Work required: Copy, word for word, the lines below from the one containing "Brocade prom dress" up to and including the one containing "Peanuts The More", with pictures left out.

Available records:
*-*-*

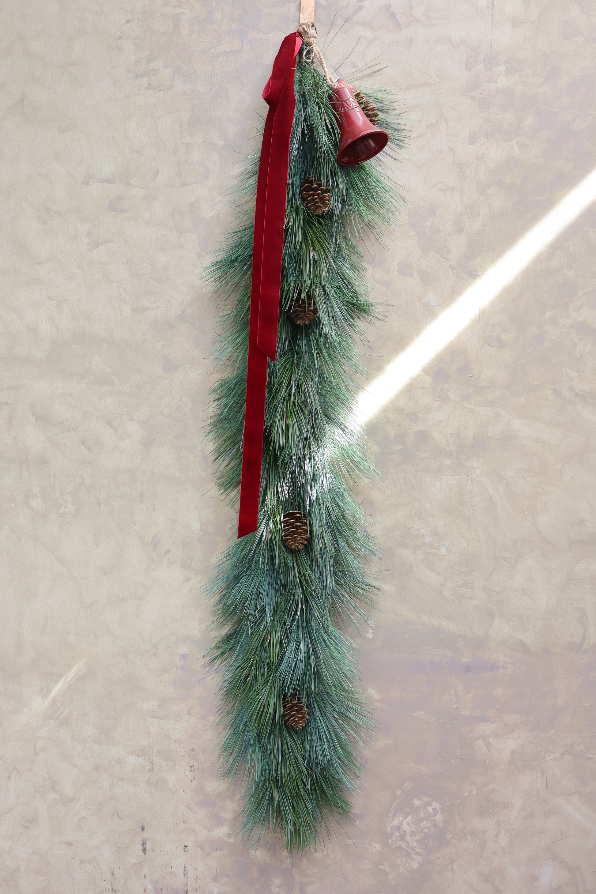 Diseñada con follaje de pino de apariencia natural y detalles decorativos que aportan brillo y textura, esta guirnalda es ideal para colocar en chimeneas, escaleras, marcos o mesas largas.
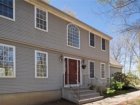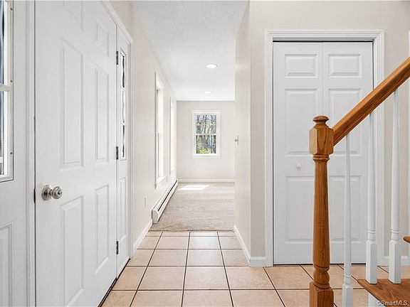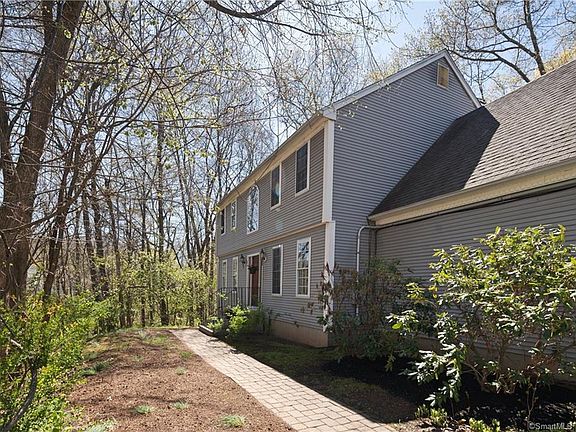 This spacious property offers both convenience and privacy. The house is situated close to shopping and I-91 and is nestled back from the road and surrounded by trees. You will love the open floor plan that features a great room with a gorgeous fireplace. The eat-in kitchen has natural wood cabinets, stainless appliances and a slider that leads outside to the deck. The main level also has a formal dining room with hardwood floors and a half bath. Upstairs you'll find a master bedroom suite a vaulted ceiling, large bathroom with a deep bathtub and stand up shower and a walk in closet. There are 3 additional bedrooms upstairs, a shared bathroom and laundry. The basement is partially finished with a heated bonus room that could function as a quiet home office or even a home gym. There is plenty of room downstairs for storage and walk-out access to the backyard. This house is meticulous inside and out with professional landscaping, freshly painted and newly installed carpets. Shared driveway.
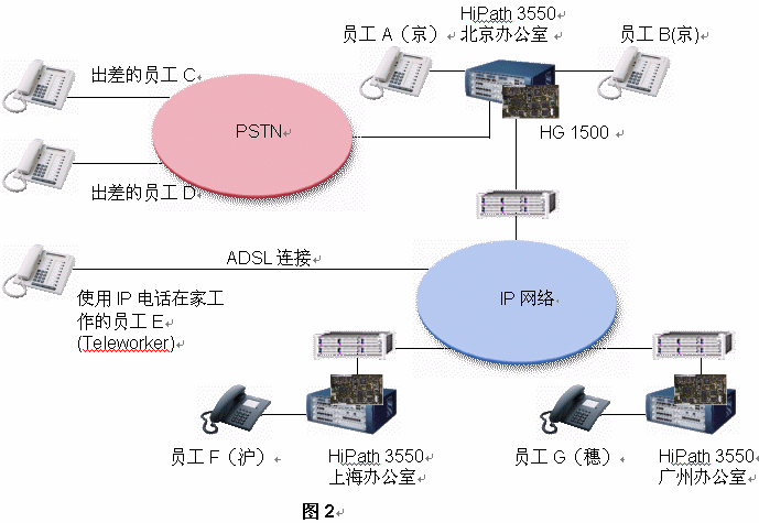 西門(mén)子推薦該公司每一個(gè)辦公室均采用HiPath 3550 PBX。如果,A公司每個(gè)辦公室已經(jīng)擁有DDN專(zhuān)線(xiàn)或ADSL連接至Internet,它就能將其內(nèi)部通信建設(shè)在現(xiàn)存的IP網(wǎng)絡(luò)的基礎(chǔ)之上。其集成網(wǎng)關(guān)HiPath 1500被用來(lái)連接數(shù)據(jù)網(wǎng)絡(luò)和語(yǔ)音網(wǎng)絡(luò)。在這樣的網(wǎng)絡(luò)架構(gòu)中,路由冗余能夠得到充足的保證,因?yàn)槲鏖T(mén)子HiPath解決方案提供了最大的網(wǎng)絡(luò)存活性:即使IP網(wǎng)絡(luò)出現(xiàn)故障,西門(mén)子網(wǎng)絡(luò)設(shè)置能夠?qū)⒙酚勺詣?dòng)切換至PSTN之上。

*-*-*

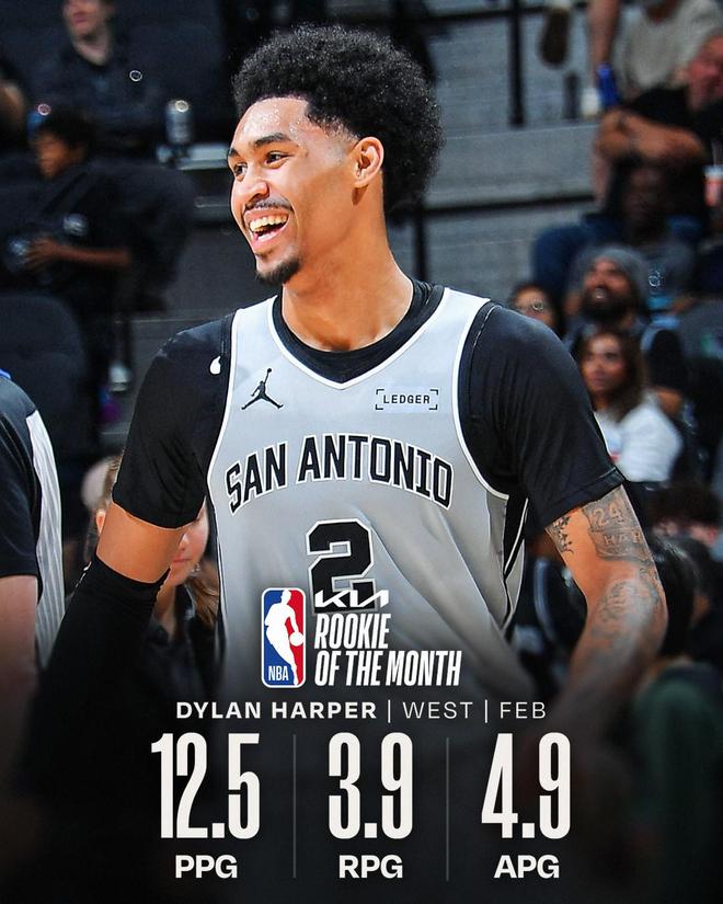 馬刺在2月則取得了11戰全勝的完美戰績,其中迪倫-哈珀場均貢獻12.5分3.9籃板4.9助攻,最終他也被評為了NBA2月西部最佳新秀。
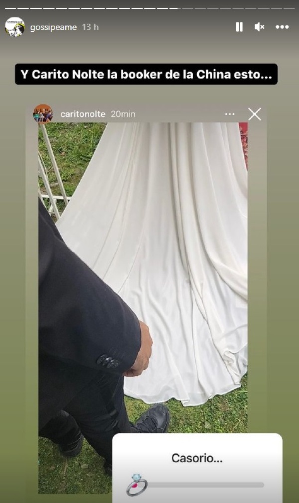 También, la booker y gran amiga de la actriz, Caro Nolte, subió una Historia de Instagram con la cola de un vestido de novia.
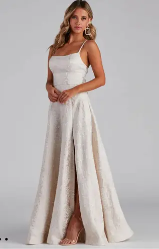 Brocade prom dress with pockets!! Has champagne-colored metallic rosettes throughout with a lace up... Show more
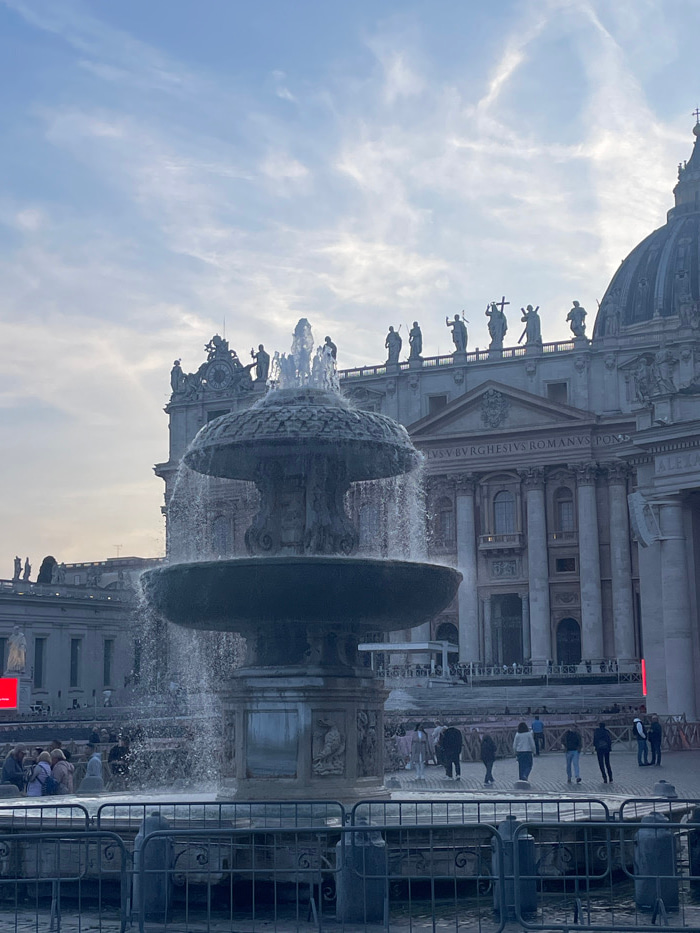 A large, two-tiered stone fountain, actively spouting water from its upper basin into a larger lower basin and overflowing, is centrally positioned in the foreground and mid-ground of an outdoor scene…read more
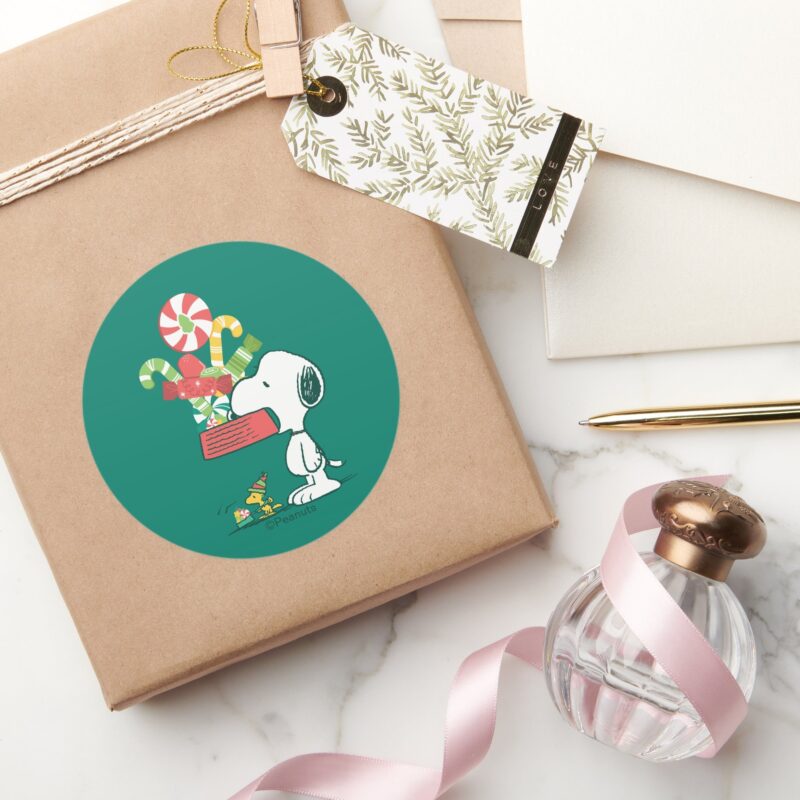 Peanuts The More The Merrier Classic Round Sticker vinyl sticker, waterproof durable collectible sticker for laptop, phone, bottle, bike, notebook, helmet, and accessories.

*-*-*

Your response:
 Brocade prom dress with pockets!! Has champagne-colored metallic rosettes throughout with a lace up... Show more
 A large, two-tiered stone fountain, actively spouting water from its upper basin into a larger lower basin and overflowing, is centrally positioned in the foreground and mid-ground of an outdoor scene…read more
 Peanuts The More The Merrier Classic Round Sticker vinyl sticker, waterproof durable collectible sticker for laptop, phone, bottle, bike, notebook, helmet, and accessories.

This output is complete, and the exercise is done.